Whisk the sugar and egg yolks together in a large bowl until pale and frothy. Pour the egg mixture over the milk and cream and whisk together. Pour the mixture into a clean saucepan and whisk over a low heat until thick custard is formed.
Roll each piece of pastry into 30 cm squares. Place each square on an un-greased baking tray and stab all over with a fork to lessen the chance of it rising too much. Bake for about 10 minutes or until light browned.

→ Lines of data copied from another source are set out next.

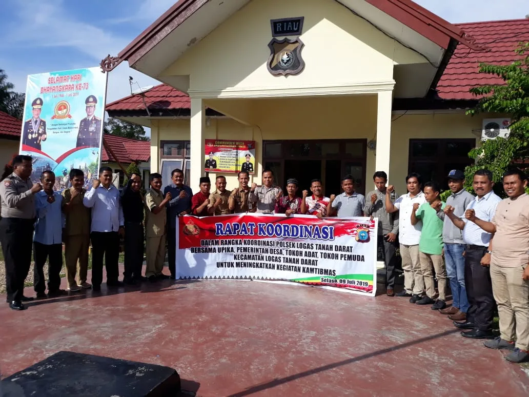 Kuansing, (cMczone.com) – Polsek Logas Tanah Darat, Polres Kuantan Singingi, Polda Riau laksanakan rapat koordinasi untuk meningkatkan Kamtibmas bersama Upika, pemerintah desa, tokoh adat, dan tokoh pemuda kecamatan Logas, Selasa (9/7/19) sekira pukul 10.00 WIB, di aula Polsek Logas Tanah Darat.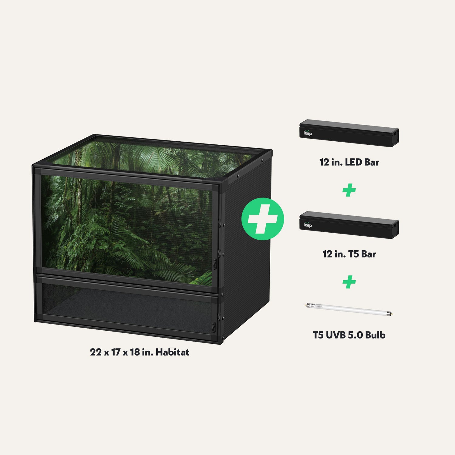 Included Leap Liner holds sufficient substrate and withholds water allowing for construction of bioactive habitats.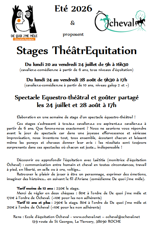 Stages de Noël, d’Hiver et Printemps en ligne, ainsi que les stages exazen de l’année ( préparation et présentation des galops 1 à 7), les théâtréquitations et la grande rando de l’été. Et bien sûr il y aura aussi poney-randonnée, initiation, balade, équifun et nouveauté stage équi-logique et d’équitation Alexander 😉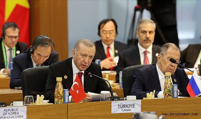 Ayrıca çeşitli gıda güvenliği girişimlerinde aktif rol oynamayı insani dış politikanın önemli bir unsuru olarak gördüklerini dile getiren Erdoğan, "Karadeniz Tahıl Koridoru Girişimi"nin küresel gıda fiyatlarının hızla artmasını önlediğini, kıtlık riskini azaltmaya katkıda bulunduğunu ifade etti.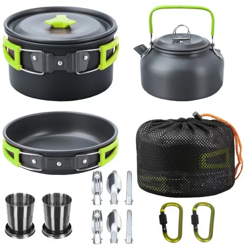 Praktická a kompaktná sada riadu je ideálna na varenie doma aj na cestách, pri kempovaní alebo v stane. Umožňuje pohodlnú prípravu chutných jedál pre dve osoby. Sklápacie rukoväte a príbory zabezpečujú jednoduchý transport a úsporu miesta, zatiaľ čo nepriľnavý povrch umožňuje jednoduché varenie a čistenie. Sada ponúka všetko potrebné pre komfortné varenie aj pri outdoorových aktivitách.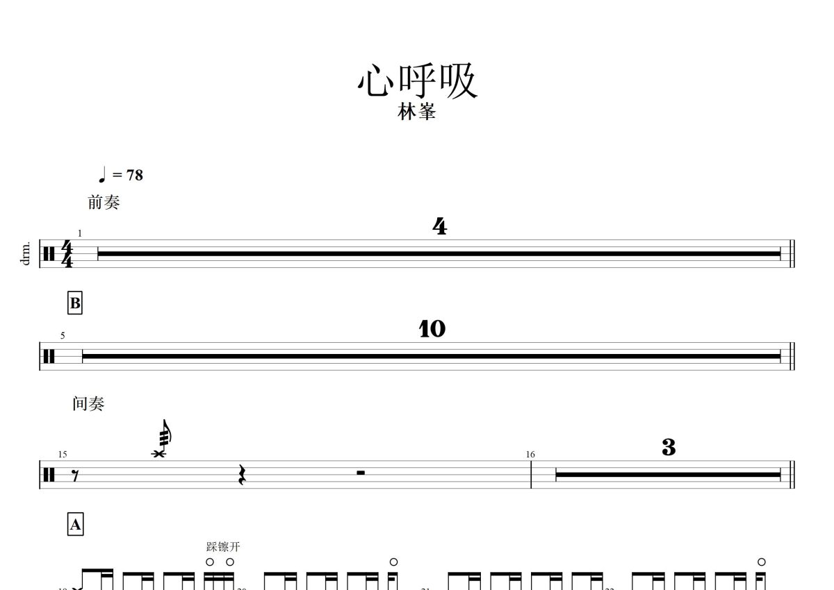 林峯《心呼吸》鼓谱 - 架子鼓谱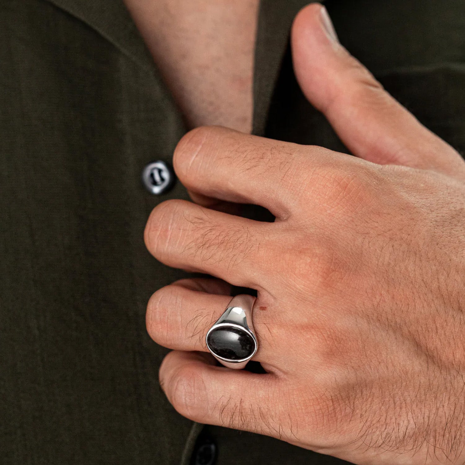 Alexander Lynggaard - Oval Signet Silver Obsidian ring - Sølv

Carefully trim each sheet to a square and pat any risen areas back down with your hands. Line a square baking tray with tin foil and allow plenty of overlap for easy removal. Place one sheet of the pastry in the foil. Pour the hot vanilla custard over the first piece of puff pastry, cover with the second sheet and pat down lightly so it comes into contact with the custard everywhere.
Beat in the icing sugar with the butter and add a little water if needed. Allow the cake to cool then spread the icing evenly over the top. Alternatively, you can leave out the icing and just dust the cake with icing sugar.
Chill in the refrigerator. Sprinkle with icing sugar before cutting into pieces and serving with some fresh berries on the side.